Month 2-3: Positive Effects Are A Sign To Keep Going

We are dedicated to transforming the despair of addiction into a purposeful life of confidence, self-respect and happiness. We want to give recovering addicts the tools to return to the outside world completely substance-free and successful. The best way to handle a relapse is to take quick action to seek help, whether it’s intensifying support from family, friends, and peers or entering a treatment program.

Instead, you can clean your body, mind and soul from the toxic binds that keep you intoxicated even when you want to be sober. With substance addictions, thorough and thought-out preparation can be important to success. Contemplators typically benefit from non-judgmental information-giving and motivational approaches to encouraging change . And if today is as far ahead as you’re ready to look, that’s okay too.

The new coping mechanisms that they have learned about in the action phase will be practised regularly here as a person settles into a sober lifestyle. Though there still may be an urge to drink, generally people during this stage are able to manage it, and this urge is likely balanced by a newfound feeling of freedom. To the person struggling with alcohol addiction, it is no longer enough to consider treatment.
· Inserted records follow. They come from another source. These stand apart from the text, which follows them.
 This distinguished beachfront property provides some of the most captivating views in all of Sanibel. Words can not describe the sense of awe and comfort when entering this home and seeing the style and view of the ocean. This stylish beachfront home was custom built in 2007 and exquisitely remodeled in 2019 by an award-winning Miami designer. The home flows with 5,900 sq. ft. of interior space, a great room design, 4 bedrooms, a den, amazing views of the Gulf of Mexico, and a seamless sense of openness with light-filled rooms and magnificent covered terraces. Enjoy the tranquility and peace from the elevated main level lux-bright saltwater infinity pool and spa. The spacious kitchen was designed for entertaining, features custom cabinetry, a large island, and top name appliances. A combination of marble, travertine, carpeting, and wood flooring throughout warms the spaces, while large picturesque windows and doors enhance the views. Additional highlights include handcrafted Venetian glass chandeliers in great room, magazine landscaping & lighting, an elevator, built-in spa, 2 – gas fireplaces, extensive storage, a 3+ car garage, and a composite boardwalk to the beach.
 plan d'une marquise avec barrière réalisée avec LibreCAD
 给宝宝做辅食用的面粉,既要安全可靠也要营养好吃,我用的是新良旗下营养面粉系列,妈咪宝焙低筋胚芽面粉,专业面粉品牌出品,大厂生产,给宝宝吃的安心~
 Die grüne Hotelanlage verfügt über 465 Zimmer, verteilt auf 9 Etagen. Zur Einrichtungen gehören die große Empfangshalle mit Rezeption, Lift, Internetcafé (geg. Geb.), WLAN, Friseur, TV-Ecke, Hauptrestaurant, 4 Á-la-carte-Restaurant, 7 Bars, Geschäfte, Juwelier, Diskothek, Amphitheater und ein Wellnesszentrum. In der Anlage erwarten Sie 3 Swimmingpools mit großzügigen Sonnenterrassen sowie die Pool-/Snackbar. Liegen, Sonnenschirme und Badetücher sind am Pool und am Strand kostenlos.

The potential for attending a substance abuse treatment program is a true option. Alcoholics Anonymous or AA is the original recovery program that brought the world the 12 steps of recovery. It is recommended that alcohol abuse recovery take place at an inpatient facility in more serious cases.
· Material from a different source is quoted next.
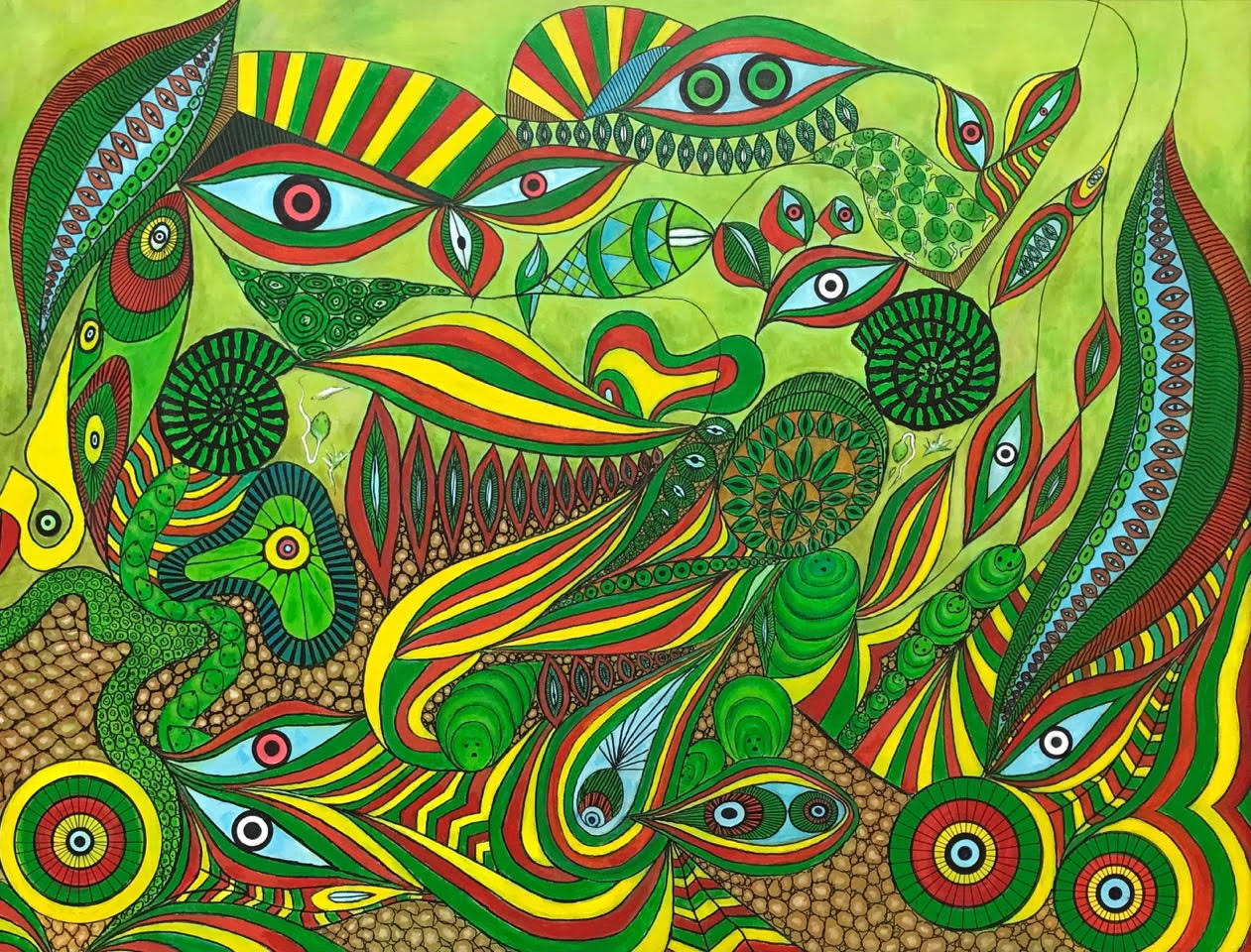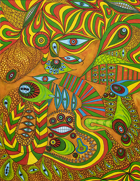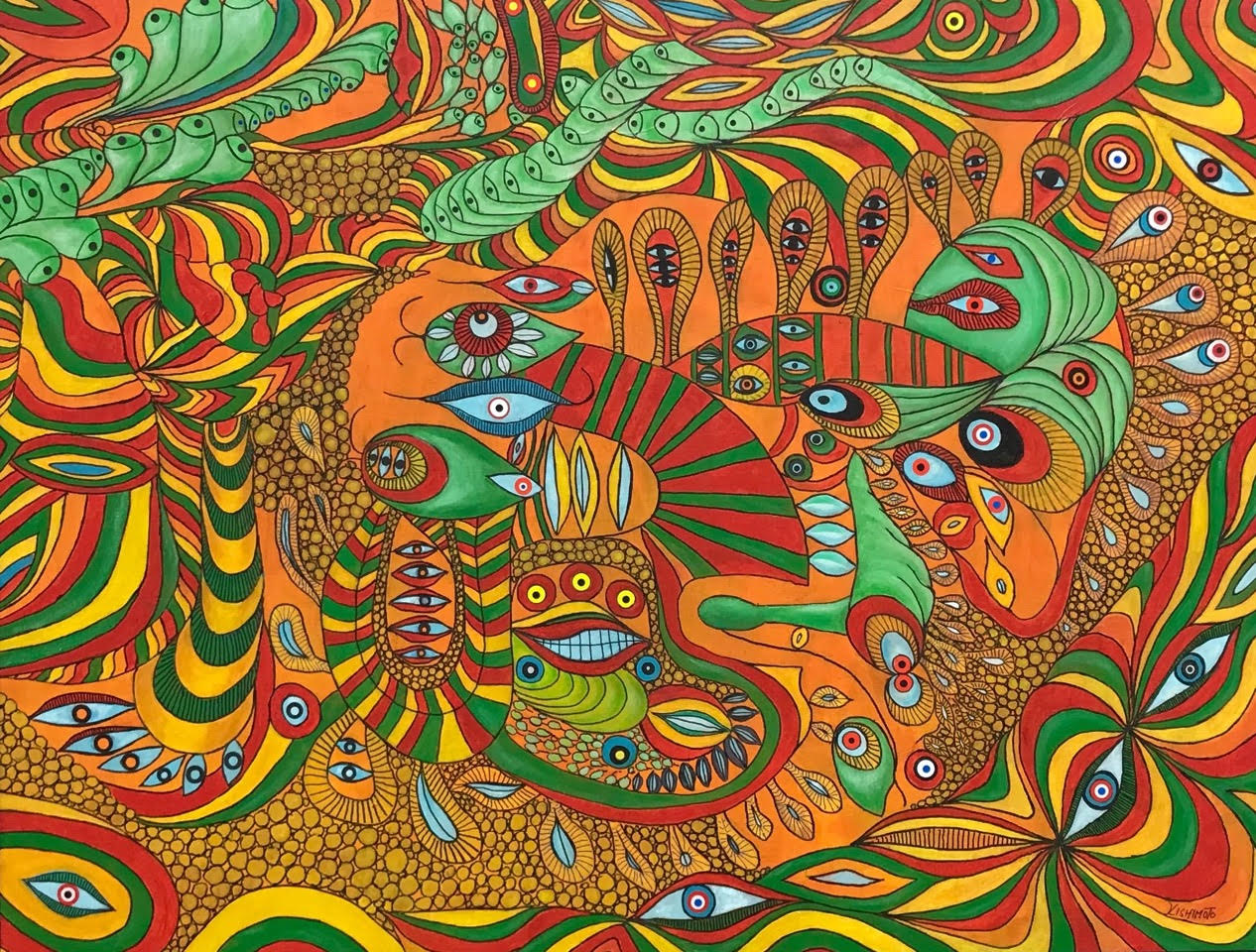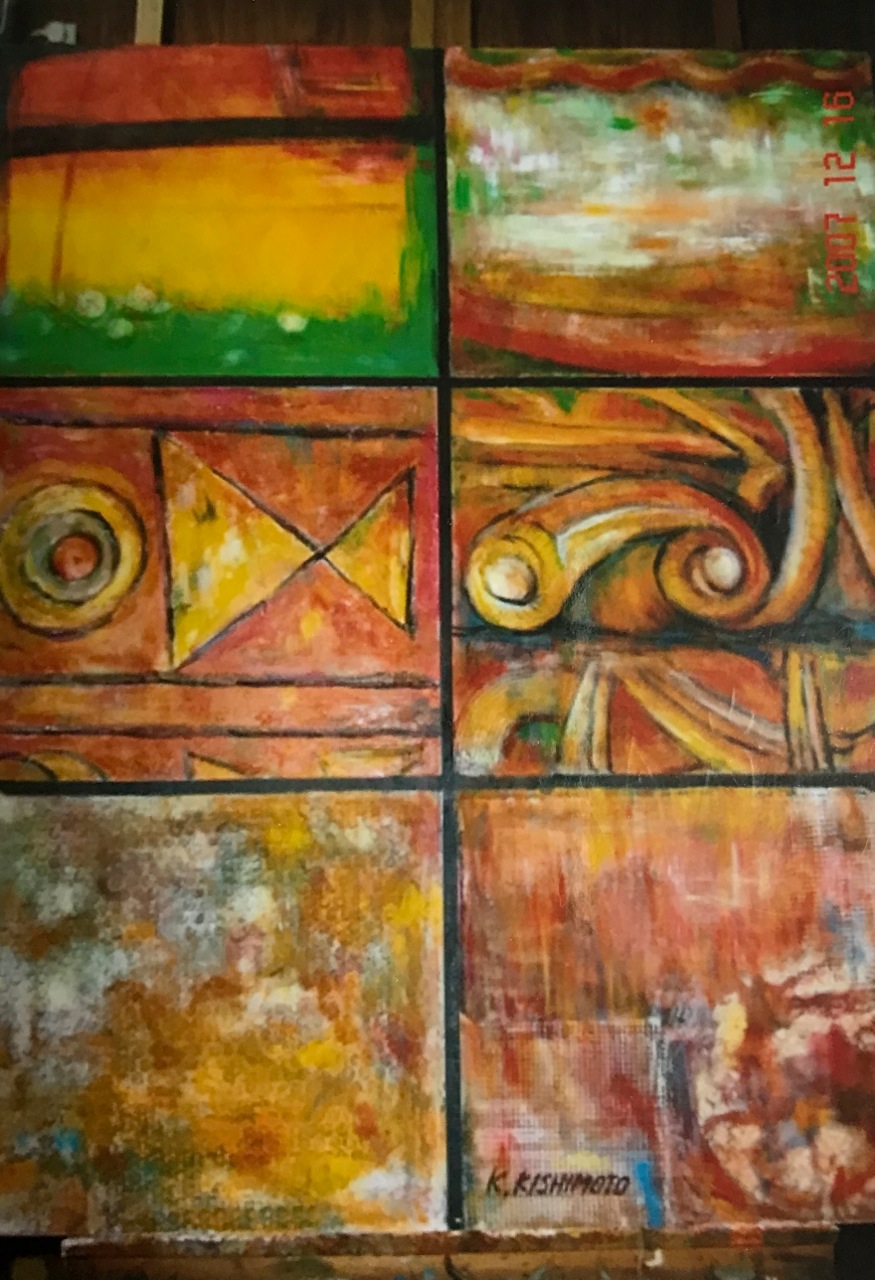それで無意識のうちにこれに代わるものとして人間が生み出し、織りなす美と詩情を画布の上に表現しているであろうが、自ずと筆が走るという不思議な体験をして、健聴者の味わう音の世界とはこうもあろうかと感じた。

The 12 steps are challenging for every anyone struggling with a substance use problem, no matter what their addiction. Going through the ways your addiction has taken away from your life and how it has impacted others may be painful. While working with a sponsor is expected during the steps, the best chance of recovery comes from a combination of efforts. Bear in mind that recovery is a lifelong process (but it does get easier!). Helping a person recovering from an addiction can come down to helping them connect to treatment—if they’re not already doing so—and encouraging support groups like AA.
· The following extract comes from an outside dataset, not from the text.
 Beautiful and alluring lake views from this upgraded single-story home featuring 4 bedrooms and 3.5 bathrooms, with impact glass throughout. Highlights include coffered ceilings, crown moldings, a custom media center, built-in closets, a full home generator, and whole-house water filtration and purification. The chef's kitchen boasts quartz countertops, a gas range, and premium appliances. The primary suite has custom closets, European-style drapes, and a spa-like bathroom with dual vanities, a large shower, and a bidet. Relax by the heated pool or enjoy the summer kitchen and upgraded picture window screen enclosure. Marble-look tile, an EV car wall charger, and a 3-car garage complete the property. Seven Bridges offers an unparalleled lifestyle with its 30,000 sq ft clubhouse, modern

Research and clinical experience have identified a number of factors that promote recovery. Another is reorienting the brain circuitry of desire—finding or rediscovering a passion or pursuit that gives meaning to life and furnishes personal goals that are capable of supplanting the desire for drugs. A third is establishing and maintaining a strong sense of connection to others; support helps people stay on track, and it helps retune the neural circuits of desire and goal-pursuit. Learning new coping skills for dealing with unpleasant feelings is another pillar of recovery. You may have heard before that “the first 30 days can be the hardest,” and experts tend to agree. During this time, the body and mind go through a substantial process of recovery.

Though it may seem counterintuitive, positive effects are signals to stay with treatment, and continue to utilize your tools. If medication is part of your treatment plan, reduced alcohol cravings and a greater sense of control are signs that it is working. In therapy, feeling better equipped in your daily life shows that your new skills are developing.